**Information shown**.
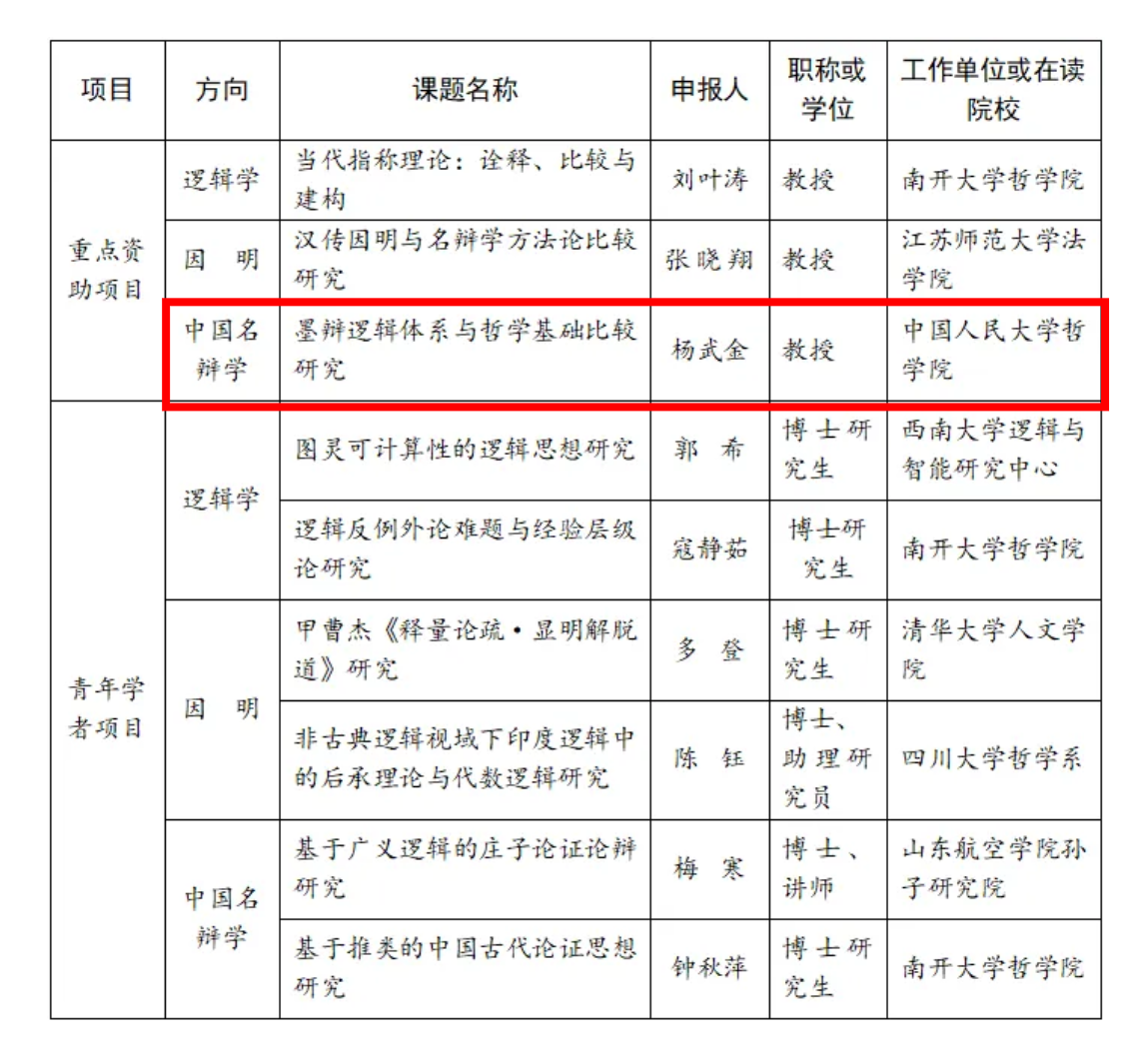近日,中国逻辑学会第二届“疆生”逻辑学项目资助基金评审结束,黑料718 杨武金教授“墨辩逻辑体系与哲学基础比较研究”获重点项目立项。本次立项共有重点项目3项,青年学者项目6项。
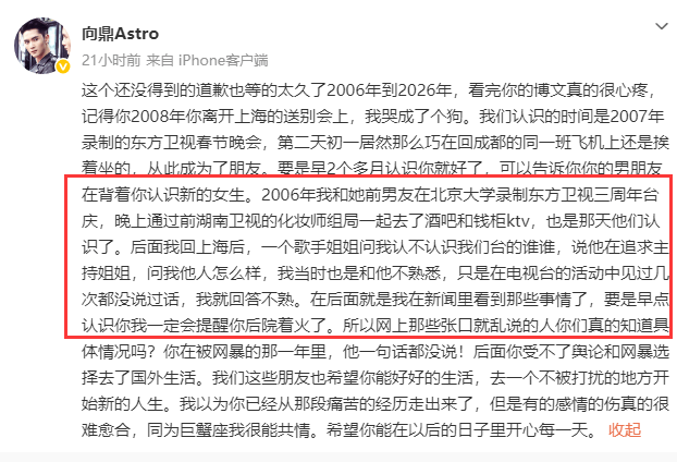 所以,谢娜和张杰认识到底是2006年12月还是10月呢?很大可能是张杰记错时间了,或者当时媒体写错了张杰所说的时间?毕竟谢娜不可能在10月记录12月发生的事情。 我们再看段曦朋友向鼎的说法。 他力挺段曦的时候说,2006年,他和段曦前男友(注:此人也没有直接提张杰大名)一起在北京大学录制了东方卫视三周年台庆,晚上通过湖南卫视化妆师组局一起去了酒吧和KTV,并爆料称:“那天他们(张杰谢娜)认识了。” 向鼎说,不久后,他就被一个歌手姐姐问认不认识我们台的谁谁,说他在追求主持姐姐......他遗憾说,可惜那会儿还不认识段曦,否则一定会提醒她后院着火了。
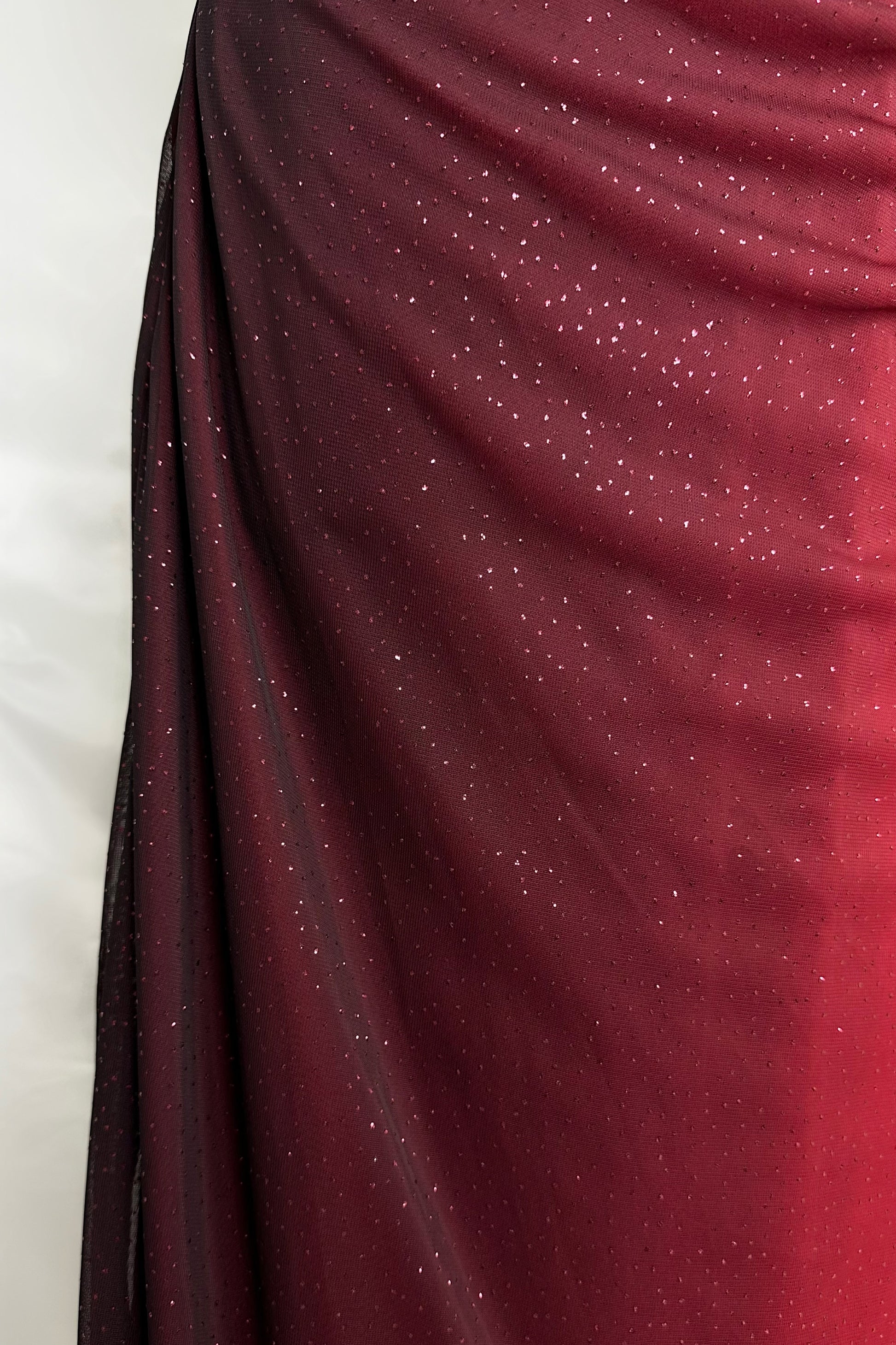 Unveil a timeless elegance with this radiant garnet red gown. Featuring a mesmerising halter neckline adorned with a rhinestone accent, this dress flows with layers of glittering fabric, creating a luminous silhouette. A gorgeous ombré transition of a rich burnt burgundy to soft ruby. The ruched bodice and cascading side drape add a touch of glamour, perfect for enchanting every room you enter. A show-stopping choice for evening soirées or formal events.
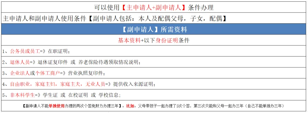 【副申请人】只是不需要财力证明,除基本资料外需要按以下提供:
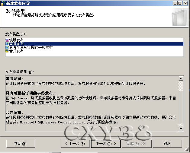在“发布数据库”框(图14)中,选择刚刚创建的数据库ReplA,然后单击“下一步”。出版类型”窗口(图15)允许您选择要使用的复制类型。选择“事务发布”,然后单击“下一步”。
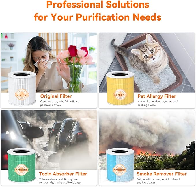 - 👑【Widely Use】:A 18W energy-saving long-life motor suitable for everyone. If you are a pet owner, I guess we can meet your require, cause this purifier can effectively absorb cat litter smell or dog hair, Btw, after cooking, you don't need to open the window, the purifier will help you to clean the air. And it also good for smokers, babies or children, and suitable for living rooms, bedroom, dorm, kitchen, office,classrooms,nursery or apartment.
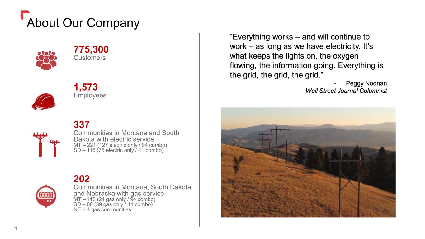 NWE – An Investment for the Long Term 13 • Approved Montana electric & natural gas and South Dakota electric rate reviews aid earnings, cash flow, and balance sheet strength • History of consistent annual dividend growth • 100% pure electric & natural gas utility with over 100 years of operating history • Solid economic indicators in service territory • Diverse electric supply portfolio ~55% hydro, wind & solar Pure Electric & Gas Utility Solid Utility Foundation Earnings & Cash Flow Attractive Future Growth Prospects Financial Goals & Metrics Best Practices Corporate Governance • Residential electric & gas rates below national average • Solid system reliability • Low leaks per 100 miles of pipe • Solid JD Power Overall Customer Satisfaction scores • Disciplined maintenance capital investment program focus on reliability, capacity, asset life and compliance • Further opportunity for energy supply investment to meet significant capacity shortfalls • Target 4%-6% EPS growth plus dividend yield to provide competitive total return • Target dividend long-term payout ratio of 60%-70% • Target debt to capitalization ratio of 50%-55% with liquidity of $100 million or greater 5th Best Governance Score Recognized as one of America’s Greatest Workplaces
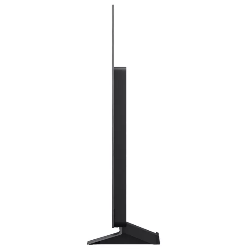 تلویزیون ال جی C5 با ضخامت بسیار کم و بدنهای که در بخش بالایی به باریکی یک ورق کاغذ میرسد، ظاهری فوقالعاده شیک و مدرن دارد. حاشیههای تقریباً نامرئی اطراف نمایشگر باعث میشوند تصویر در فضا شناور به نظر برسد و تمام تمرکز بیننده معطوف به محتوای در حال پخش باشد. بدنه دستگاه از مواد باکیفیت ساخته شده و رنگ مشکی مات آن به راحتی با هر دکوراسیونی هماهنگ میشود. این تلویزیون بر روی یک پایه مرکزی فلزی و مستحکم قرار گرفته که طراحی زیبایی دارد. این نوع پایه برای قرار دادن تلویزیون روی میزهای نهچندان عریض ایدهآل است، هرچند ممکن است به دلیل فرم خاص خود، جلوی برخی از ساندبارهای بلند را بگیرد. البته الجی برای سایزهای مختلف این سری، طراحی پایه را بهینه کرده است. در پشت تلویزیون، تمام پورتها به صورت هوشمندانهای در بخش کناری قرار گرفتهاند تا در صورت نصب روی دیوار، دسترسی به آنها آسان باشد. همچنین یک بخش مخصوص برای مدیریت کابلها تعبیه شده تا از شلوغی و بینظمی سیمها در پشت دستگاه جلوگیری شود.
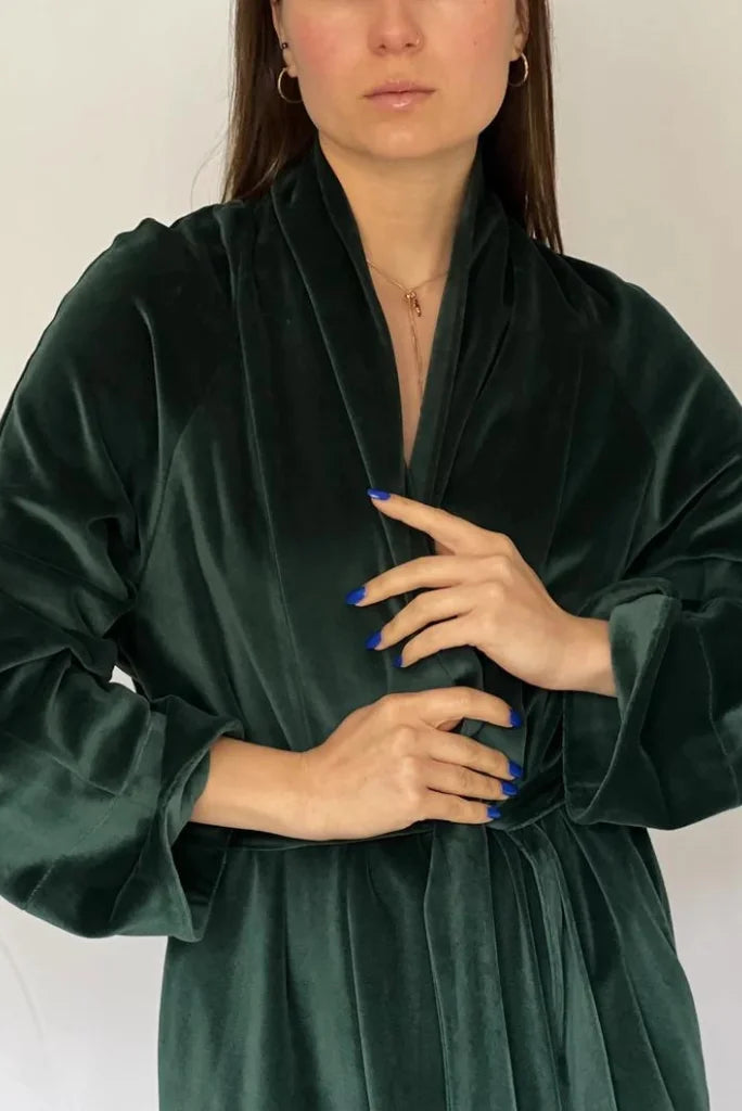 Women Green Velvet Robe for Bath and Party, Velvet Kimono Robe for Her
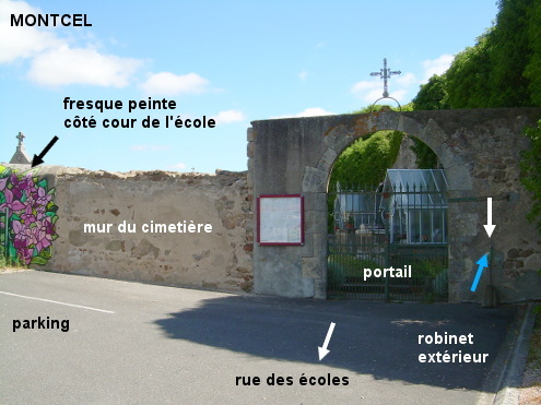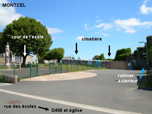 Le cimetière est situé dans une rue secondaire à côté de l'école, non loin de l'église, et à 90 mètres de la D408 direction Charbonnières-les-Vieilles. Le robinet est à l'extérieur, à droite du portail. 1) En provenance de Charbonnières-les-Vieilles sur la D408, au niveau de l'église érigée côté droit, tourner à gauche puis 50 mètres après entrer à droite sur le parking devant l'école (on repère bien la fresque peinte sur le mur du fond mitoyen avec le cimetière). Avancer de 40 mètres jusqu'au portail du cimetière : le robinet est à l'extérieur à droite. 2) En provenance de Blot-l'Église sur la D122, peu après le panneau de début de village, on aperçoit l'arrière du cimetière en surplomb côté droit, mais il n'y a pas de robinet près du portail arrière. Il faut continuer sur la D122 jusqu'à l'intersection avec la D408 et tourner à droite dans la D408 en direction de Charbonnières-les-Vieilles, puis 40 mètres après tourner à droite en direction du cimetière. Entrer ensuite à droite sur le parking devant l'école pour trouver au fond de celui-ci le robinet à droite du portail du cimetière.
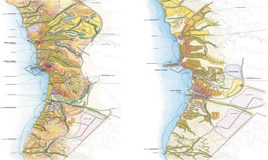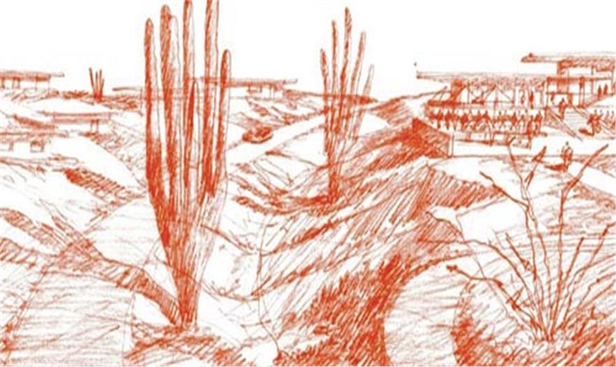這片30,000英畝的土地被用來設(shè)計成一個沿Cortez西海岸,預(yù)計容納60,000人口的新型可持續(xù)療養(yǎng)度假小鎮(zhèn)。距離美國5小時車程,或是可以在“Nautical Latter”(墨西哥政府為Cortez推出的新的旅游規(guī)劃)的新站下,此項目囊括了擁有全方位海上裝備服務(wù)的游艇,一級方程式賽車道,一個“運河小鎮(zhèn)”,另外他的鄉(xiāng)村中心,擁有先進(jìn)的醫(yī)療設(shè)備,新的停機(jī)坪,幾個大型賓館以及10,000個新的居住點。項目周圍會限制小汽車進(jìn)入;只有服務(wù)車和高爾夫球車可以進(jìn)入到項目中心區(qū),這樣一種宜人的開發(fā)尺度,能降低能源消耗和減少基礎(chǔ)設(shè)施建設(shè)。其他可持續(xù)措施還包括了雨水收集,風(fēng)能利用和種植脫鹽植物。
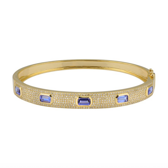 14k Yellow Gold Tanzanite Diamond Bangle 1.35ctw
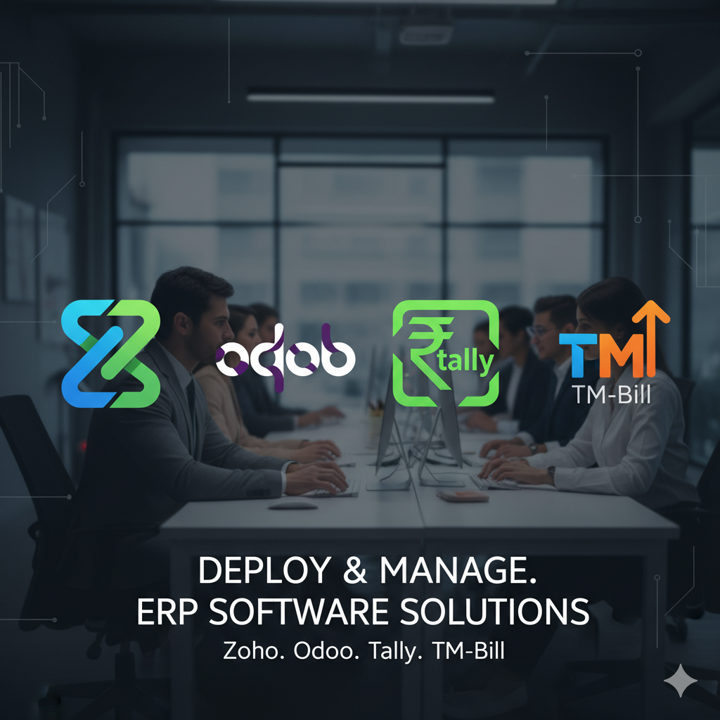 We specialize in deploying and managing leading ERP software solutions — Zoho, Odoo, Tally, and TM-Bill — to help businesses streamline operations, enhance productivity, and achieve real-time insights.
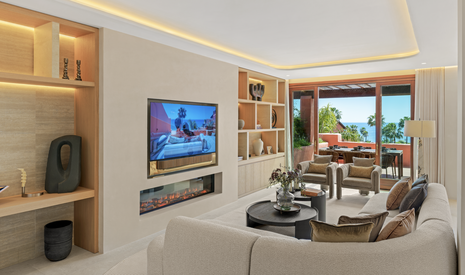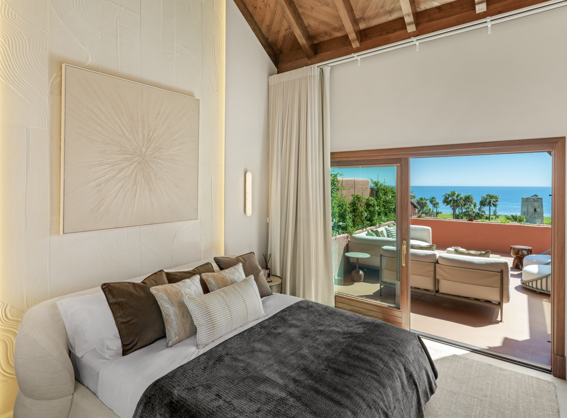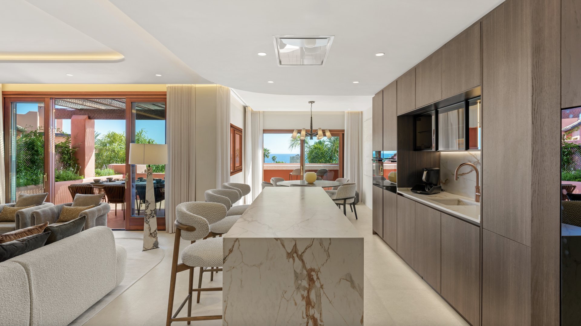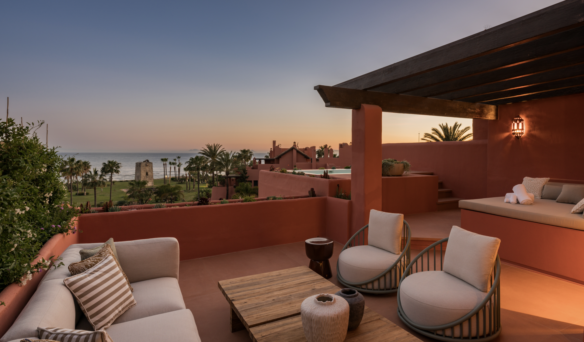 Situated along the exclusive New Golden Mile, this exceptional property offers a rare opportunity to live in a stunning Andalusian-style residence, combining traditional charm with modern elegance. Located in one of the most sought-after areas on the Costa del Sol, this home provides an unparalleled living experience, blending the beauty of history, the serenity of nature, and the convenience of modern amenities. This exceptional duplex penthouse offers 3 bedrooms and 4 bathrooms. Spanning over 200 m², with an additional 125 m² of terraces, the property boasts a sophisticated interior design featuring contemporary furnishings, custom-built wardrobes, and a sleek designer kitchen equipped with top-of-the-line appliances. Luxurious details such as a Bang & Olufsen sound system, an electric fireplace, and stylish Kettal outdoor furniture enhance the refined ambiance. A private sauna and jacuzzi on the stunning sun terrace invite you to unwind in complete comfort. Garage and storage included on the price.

**What the task asks**. Above are some entries; copy exactly the lines from the line with "- 👑【Widely Use】:A" through the line with "NWE – An Investment", both included, but none of the pictures.

**Result for this exercise**.
 - 👑【Widely Use】:A 18W energy-saving long-life motor suitable for everyone. If you are a pet owner, I guess we can meet your require, cause this purifier can effectively absorb cat litter smell or dog hair, Btw, after cooking, you don't need to open the window, the purifier will help you to clean the air. And it also good for smokers, babies or children, and suitable for living rooms, bedroom, dorm, kitchen, office,classrooms,nursery or apartment.
 NWE – An Investment for the Long Term 13 • Approved Montana electric & natural gas and South Dakota electric rate reviews aid earnings, cash flow, and balance sheet strength • History of consistent annual dividend growth • 100% pure electric & natural gas utility with over 100 years of operating history • Solid economic indicators in service territory • Diverse electric supply portfolio ~55% hydro, wind & solar Pure Electric & Gas Utility Solid Utility Foundation Earnings & Cash Flow Attractive Future Growth Prospects Financial Goals & Metrics Best Practices Corporate Governance • Residential electric & gas rates below national average • Solid system reliability • Low leaks per 100 miles of pipe • Solid JD Power Overall Customer Satisfaction scores • Disciplined maintenance capital investment program focus on reliability, capacity, asset life and compliance • Further opportunity for energy supply investment to meet significant capacity shortfalls • Target 4%-6% EPS growth plus dividend yield to provide competitive total return • Target dividend long-term payout ratio of 60%-70% • Target debt to capitalization ratio of 50%-55% with liquidity of $100 million or greater 5th Best Governance Score Recognized as one of America’s Greatest Workplaces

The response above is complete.